A friend noticed Nazanee's desperate situation and brought her to the Women of Hope Project's Embroidery Center to see if they could help her. Nazanee brought items from her wedding dowry to sell, and Women of Hope was impressed with her artistry. Soon, Nazanee began working with the Women of Hope Project. Now, she beams when she talks about how God has blessed her family, how her children are going to school and her husband is starting to take short walks outside near their home.

Artisan Satara

Life has always been difficult for Satara; from the time she was born, war has been raging all around her. When she was a young girl, her father, brother and a younger sister were killed in a bombing raid of their neighborhood in Kabul. Her mother has never fully recovered emotionally from the tragic loss and has not been able to work since then. Though Satara was just a girl at the time, she had to find a way to support her family. The Taliban was still in power and women were not allowed to work and were strictly forbidden from walking on the street without a male relative. Since all of her male relatives had been killed, she had few options but to beg door to door for the mercy of her neighbors (who were also suffering from extreme poverty) to give her their leftover bread and small change to buy food for her family. Living with her sister and mother in one room of a small mud-brick house, Satara managed to scrape by.

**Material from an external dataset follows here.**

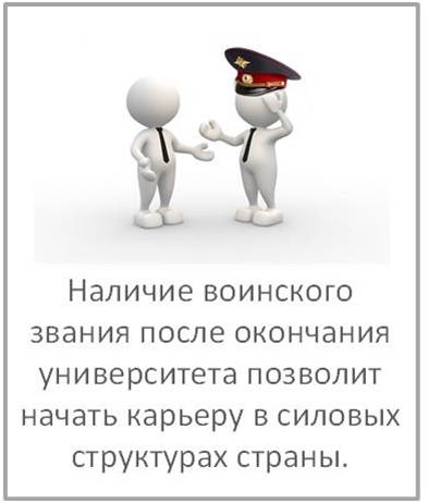 Студентам, которые успешно завершат обучение в рамках системы военной подготовки, после окончания университета будет присвоено воинское звание в соответствии с освоенной программой военной подготовки с одновременным зачислением в запас Вооруженных Сил Российской Федерации.
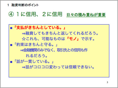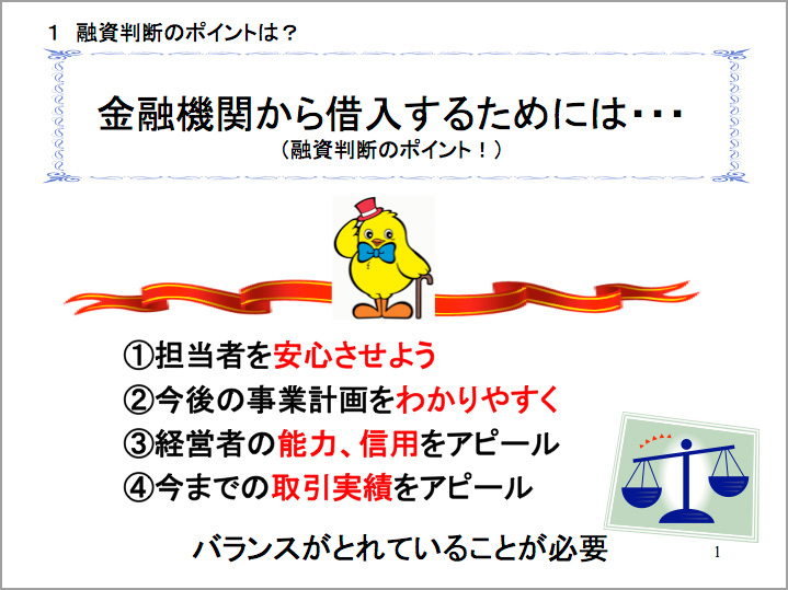 金融機関から借入をするためのポイントとして、最初にあげられたのが、この4点。このバランスがとれていることが必要。

Eventually she came to the embroidery center with the hope of selling some pieces to buy food for her family. The quality of her work was exquisite but was sewn on old scraps of clothing since she had never had any money to spend on good pieces of fabric. Recognizing her potential, Women of Hope invited Satara to join the project and gave her a starting supply of fabric, silk thread and needles. Satara wept at the prospect of finally being able to practice her skills with such fine materials. Today, Satara is one of the finest producers at Women of Hope, and earns enough money to pay her mother's medical bills, send her sister to school, pay the rent and supply the family with clothing and food. Now, when Satara tells her story, she cries tears of joy that she has been able to overcome such overwhelming heartache, poverty and suffering. She sees a bright future ahead of her.